It is certainly not the first time that we have heard of artificial intelligences able to create images starting from a textual description. One of the most famous is OpenAI's DALL-E (irresistible the name that pays homage to Dalì and the tender Wall-E!), Which creates images starting from captions through a specially trained neural network. Too bad it is not available to the public.
There are other services, more or less effective in the production of images through AI and text interpretation, such as Hotpot which creates works of art starting from a description for commercial purposes ( among other things, it is possible to create NFT), but nothing seems to compare to what Google defines as a system capable of offering "an unprecedented level of photorealism and a deep understanding of language".
Who can resist a cat on a skate with an AI hat? - Source: Imagen
Researchers have created DrawBench, a benchmark consisting of 200 textual descriptions entered into Imagen and other comparison models, including DALL-E 2 and VQGAN + CLIP. The images were evaluated by a group of people who, according to Google, preferred Imagen to the other models, both for the quality of the samples and for the correspondence between text and image.
Imagen is not available at the moment. to the public, especially because the model, like many others, was trained on large sets of data obtained from the web and not entrusted to curators, consequently, some datasets have introduced unwanted elements, including pornographic images, bad language, negative social stereotypes and racism. Therefore, in order to prevent improper use of the model, the researchers have decided not to make it publicly available, at least for the moment.
In the future, the group hopes to be able to create a framework that allows for a responsible use of the model. model, able to balance external checks and the possible risks of open and unlimited access.
There are other services, more or less effective in the production of images through AI and text interpretation, such as Hotpot which creates works of art starting from a description for commercial purposes ( among other things, it is possible to create NFT), but nothing seems to compare to what Google defines as a system capable of offering "an unprecedented level of photorealism and a deep understanding of language".

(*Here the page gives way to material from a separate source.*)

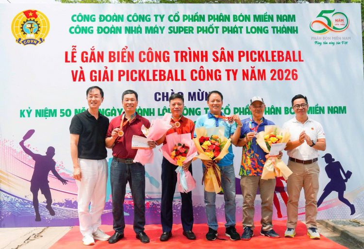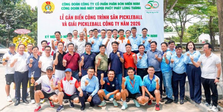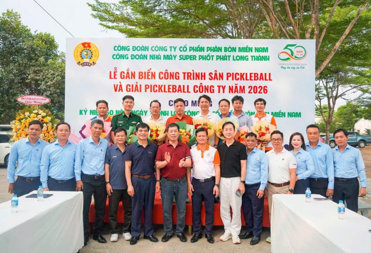 (CSPLO) – Hướng tới kỷ niệm 50 năm thành lập Công ty Cổ phần Phân bón Miền Nam(19/4/1976 19/4/2026), Công đoàn Công ty đã phối hợp với Nhà máy Super Phốt phát Long Thành tổ chức Lễ gắn biển công trình “Sân Pickleball” tại khu cư xá Nhà máy. Đây là công trình có ý nghĩa thiết thực, góp phần nâng cao đời sống văn hóa, tinh thần, rèn luyện sức khỏe cho người lao động, đồng thời thể hiện sự quan tâm của lãnh đạo doanh nghiệp và tổ chức Công đoàn đối với đội ngũ cán bộ, công nhân viên.

Who can resist a cat on a skate with an AI hat? - Source: Imagen
Researchers have created DrawBench, a benchmark consisting of 200 textual descriptions entered into Imagen and other comparison models, including DALL-E 2 and VQGAN + CLIP. The images were evaluated by a group of people who, according to Google, preferred Imagen to the other models, both for the quality of the samples and for the correspondence between text and image.
Imagen is not available at the moment. to the public, especially because the model, like many others, was trained on large sets of data obtained from the web and not entrusted to curators, consequently, some datasets have introduced unwanted elements, including pornographic images, bad language, negative social stereotypes and racism. Therefore, in order to prevent improper use of the model, the researchers have decided not to make it publicly available, at least for the moment.
In the future, the group hopes to be able to create a framework that allows for a responsible use of the model. model, able to balance external checks and the possible risks of open and unlimited access.